More articles by Robert Nyman [Editor emeritus]…


12 comments

  1. Omega

    That demo freezes/crashes Firefox to hell and back again. AND All flavors from release to nightly. Chromium is the only browser where this runs correctly.

    January 22nd, 2014 at 06:29

    1. Robert Nyman [Editor]

      It is an experimental demo, so there might be cases where it doesn’t work (for me on my current machine, it works in Mac OS X and latest official Firefox, version 26). Can you please list your OS and general specs, so we can see if we can find what might be the issue?

      January 22nd, 2014 at 07:12

      1. Omega

        Intel Core i5 3570k
        8GB DDR3
        AMD Radeon R280X/7970 3GB GDDR5
        25Mbps connection

        Freezes were apparent every time the demo loaded. Each attempt resulted in a slightly different error. At one point the demo told me that the extension was invalid. The first 5 times I tried there was a very long freeze. Almost 2 minutes.

        The 6th time It finally worked. But only after about a 45 second freeze.

        Demos are nice and all. But you can’t convince people to take advantage of it if its a poor show. Unless its on Chromium, then it works without issue. IE11 complains about a shader error so its a no show there.

        January 22nd, 2014 at 22:20

        1. Luke

          Interesting. If other 3d graphics applications don’t have problems on your PC, I would file a bug on Bugzilla.

          The newer dual-gpu systems (such as your machine with an i5 and an AMD Radeon) might not have the greatest drivers yet for this? I did notice for a split second there were black underscores _ _ on the screen on mine.

          January 22nd, 2014 at 22:28

          1. Robert Nyman [Editor]

            As Luke mentioned, there could be many factors here. Thanks for sharing the specs, I’ll notify the developers behind this.

            January 23rd, 2014 at 01:04

        2. Sijie Tian

          Could you try to run this test

          https://www.khronos.org/registry/webgl/sdk/tests/conformance/extensions/webgl-depth-texture.html

          to see if the depth texture extension is work or not. Thanks for your sharing.

          January 23rd, 2014 at 06:10

          1. Omega

            Latest Nightly has a series of passes.

            Fx26.0 says PASS but:
            PASS WEBGL_depth_texture not listed as supported and getExtension failed — this is legal

            This is also the same message on IE11.

            Chromium based browsers give a similar set of messages as Nightly.

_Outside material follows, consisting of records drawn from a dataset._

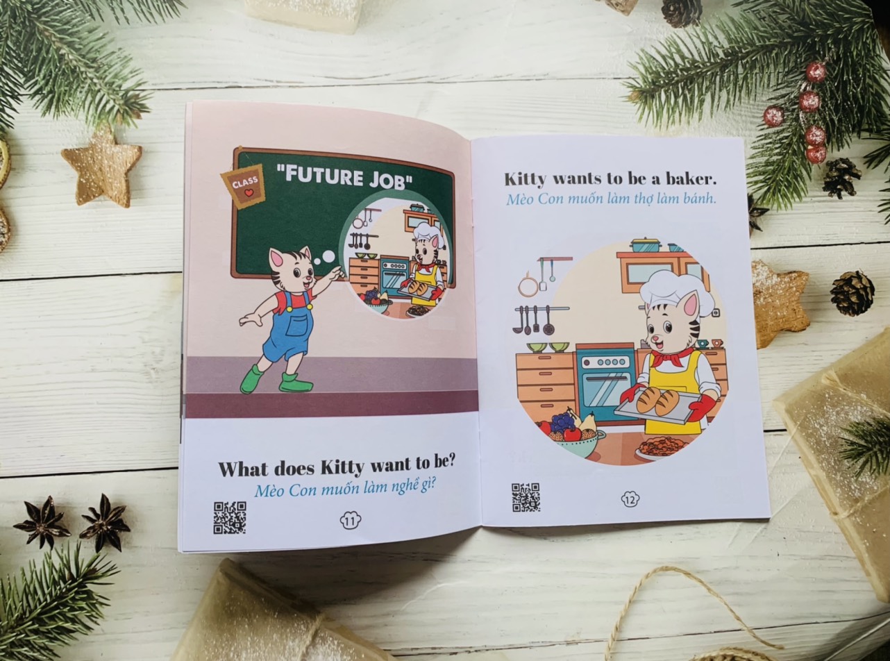 Đây là bộ sách song ngữ thú vị gồm những câu đố, câu hỏi, từ vựng đơn giản bằng tiếng Anh lẫn tiếng Việt. Với màu sắc sặc sỡ, sống động, hình minh họa hóm hỉnh, gần gũi hệt như truyện tranh, bé sẽ không hề cảm thấy nhàm chán khi lật giở từng trang sách.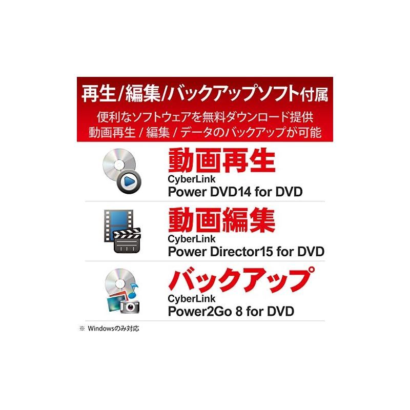 商品名:ロジテック 外付け DVDドライブ USB3.2(Gen1) USB Type Cケーブル付 windows/Mac/Surface対応 サイバーリンク 書き込み/再生/編集ソフト付属 M-DISC対応 ブラック LDR-PML8U3CVBK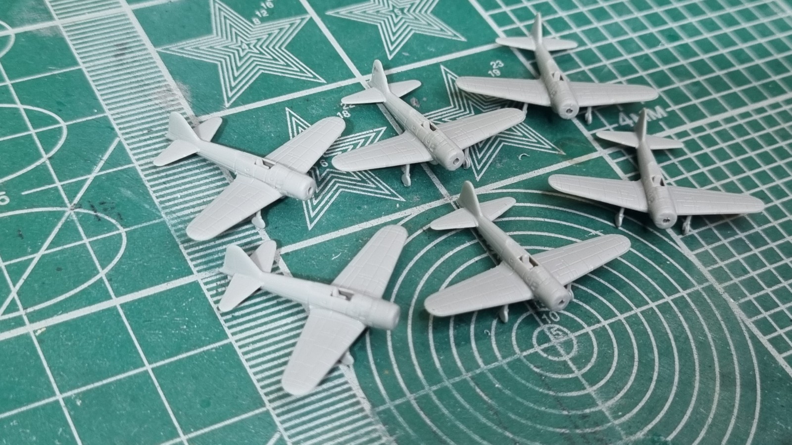 Пора задуматься об авиагруппе. Имеем 19 шт. А6М5 "Зеро" (истребители), 20 шт. D4Y Suisei (пикирующий бомбардировщик), 14 шт. B6N2 Tenzan (торпедоносец). Не думаю что всю эту кучу стоит размещать на палубе. Расстановка будет такая: истребители - торпедоносцы - пикировщики. В каком количестве чего будет пока не знаю. Соберу штук по 5 каждого и посмотрю как будут они занимать место. Если у кого то есть идеи с расстановкой, буду рад принять для раздумий.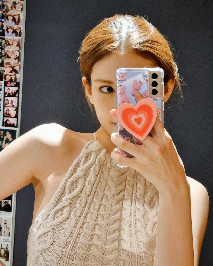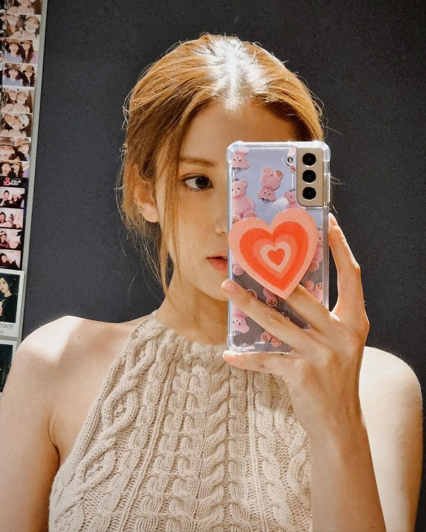 사진 속에는 하얀색 반소매 니트를 입고 거울 셀카를 찍고 있는 전소미의 모습이 담겼다.

            January 24th, 2014 at 06:55

    2. Luke

      Do you mean http://sijietian.com/WebGL/deferredshading/index.html ?

      It works great for me, although it makes Firefox use almost 1GB memory.

      It is annoying how it selects everything and doesn’t let you un-select, resulting in odd-looking highlight over everything.

      January 22nd, 2014 at 19:47

  2. mg

    Sorry to be that guy, but just a quick note on performance-measurements: You want to use ms rather than fps(hz) for an accurate depiction of your data. See e.g.
    http://www.humus.name/index.php?ID=279
    http://www.opengl.org/wiki/Performance#FPS_vs._Frame_Time

    January 22nd, 2014 at 07:34

    1. Sijie Tian

      That’s very helpful. Thanks for letting us know.

      January 22nd, 2014 at 08:10

  3. Judy

    Very cool, we love seeing more webgl examples for deferred shading. You guys inspired us to post about what we’re doing — http://floored.com/blog/2014/webgl-deferred-shading-gbuffer-floating-point-texture.html

    February 5th, 2014 at 11:27

    1. Robert Nyman [Editor]

      Thanks for sharing!

      February 6th, 2014 at 01:40

Comments are closed for this article.